__WORK TO COMPLETE__.
Your job is to print, exactly, the lines in the data below from the line with "HABA G-Alu25 Standardqualität" through the line with "Odlagalište otpada u Mraclinskoj Dubravi", both included, and to omit any picture.

__ENTRIES SHOWN__.
►

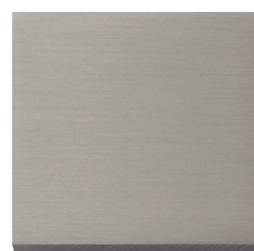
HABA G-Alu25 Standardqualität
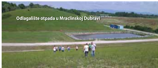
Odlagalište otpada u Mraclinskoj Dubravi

◄
►

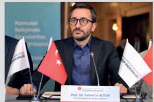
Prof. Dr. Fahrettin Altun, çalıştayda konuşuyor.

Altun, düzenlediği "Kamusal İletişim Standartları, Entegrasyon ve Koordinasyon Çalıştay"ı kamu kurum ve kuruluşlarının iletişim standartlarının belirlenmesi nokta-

◄

__OUTPUT OF THE EXERCISE__.
HABA G-Alu25 Standardqualität
Odlagalište otpada u Mraclinskoj Dubravi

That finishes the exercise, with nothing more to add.